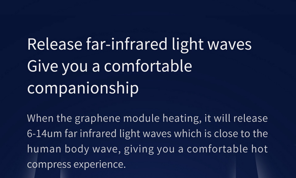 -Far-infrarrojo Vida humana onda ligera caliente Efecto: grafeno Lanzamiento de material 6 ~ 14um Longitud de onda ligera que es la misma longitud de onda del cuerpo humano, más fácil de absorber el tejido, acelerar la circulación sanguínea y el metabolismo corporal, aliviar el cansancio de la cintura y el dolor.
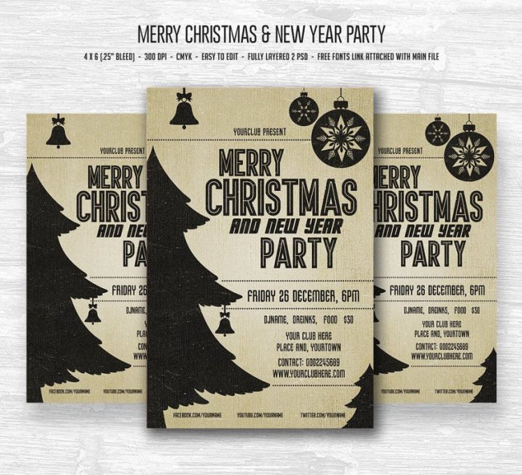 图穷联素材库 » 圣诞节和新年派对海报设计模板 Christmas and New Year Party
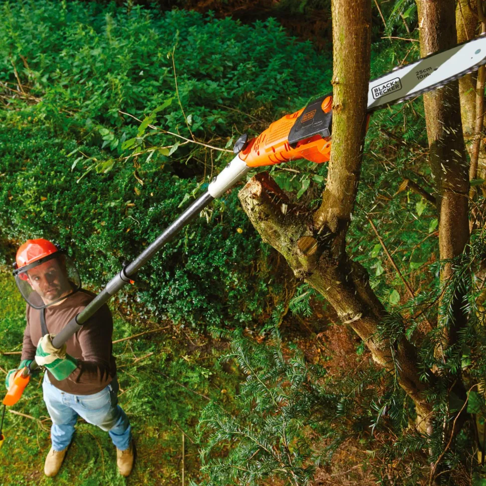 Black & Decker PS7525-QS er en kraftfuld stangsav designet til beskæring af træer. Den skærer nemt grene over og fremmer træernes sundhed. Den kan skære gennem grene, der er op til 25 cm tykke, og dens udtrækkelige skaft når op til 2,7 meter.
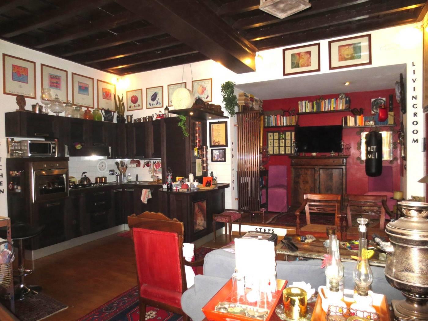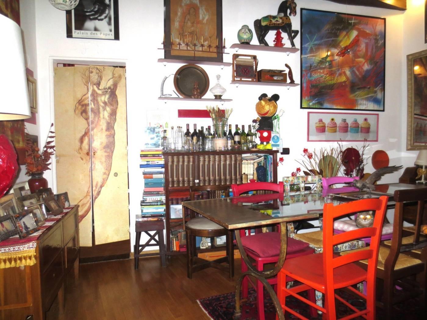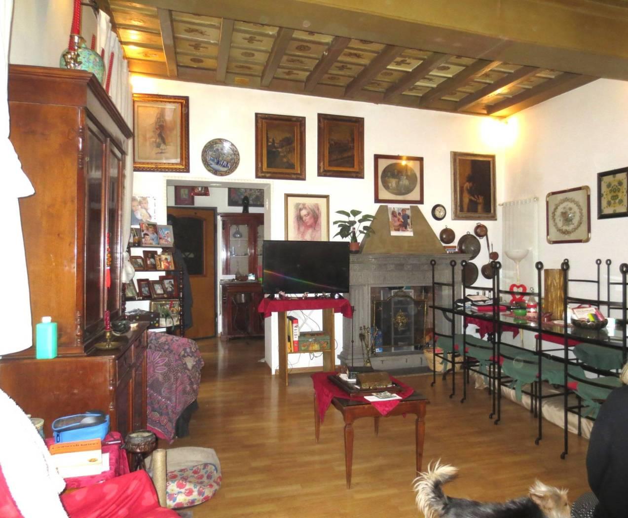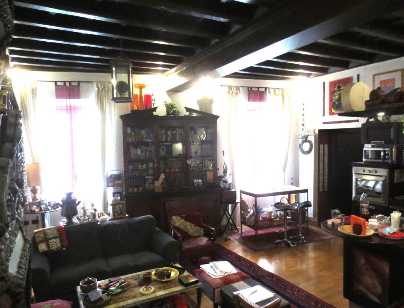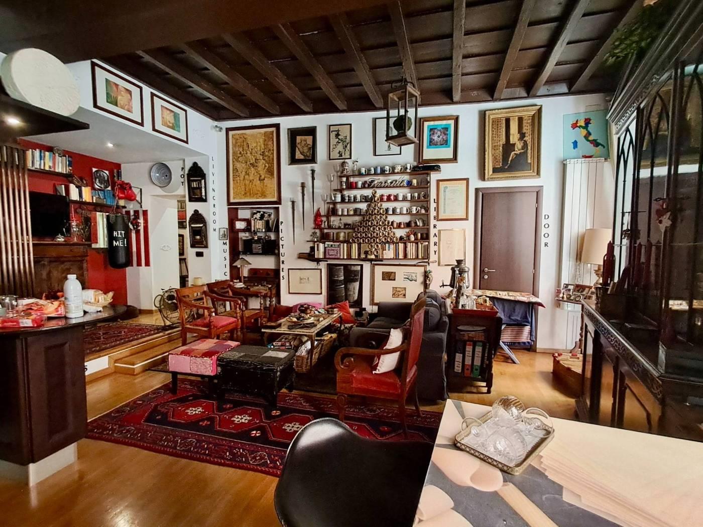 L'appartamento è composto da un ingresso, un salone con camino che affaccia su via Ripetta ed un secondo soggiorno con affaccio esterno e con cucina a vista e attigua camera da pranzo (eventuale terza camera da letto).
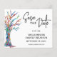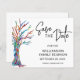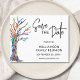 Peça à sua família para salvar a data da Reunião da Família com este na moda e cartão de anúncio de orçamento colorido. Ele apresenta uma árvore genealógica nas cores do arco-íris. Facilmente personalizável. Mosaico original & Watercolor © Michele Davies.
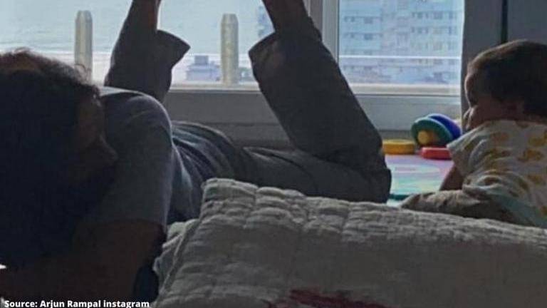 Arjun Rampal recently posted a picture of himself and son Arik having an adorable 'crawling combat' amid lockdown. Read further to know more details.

• _PROBLEM REQUIREMENTS_
Start with the first line of the records above and end with the line containing "Peça à sua família". Output those lines exactly, pictures excluded.

• _EXERCISE SOLUTION_
 -Far-infrarrojo Vida humana onda ligera caliente Efecto: grafeno Lanzamiento de material 6 ~ 14um Longitud de onda ligera que es la misma longitud de onda del cuerpo humano, más fácil de absorber el tejido, acelerar la circulación sanguínea y el metabolismo corporal, aliviar el cansancio de la cintura y el dolor.
 图穷联素材库 » 圣诞节和新年派对海报设计模板 Christmas and New Year Party
 Black & Decker PS7525-QS er en kraftfuld stangsav designet til beskæring af træer. Den skærer nemt grene over og fremmer træernes sundhed. Den kan skære gennem grene, der er op til 25 cm tykke, og dens udtrækkelige skaft når op til 2,7 meter.
 L'appartamento è composto da un ingresso, un salone con camino che affaccia su via Ripetta ed un secondo soggiorno con affaccio esterno e con cucina a vista e attigua camera da pranzo (eventuale terza camera da letto).
 Peça à sua família para salvar a data da Reunião da Família com este na moda e cartão de anúncio de orçamento colorido. Ele apresenta uma árvore genealógica nas cores do arco-íris. Facilmente personalizável. Mosaico original & Watercolor © Michele Davies.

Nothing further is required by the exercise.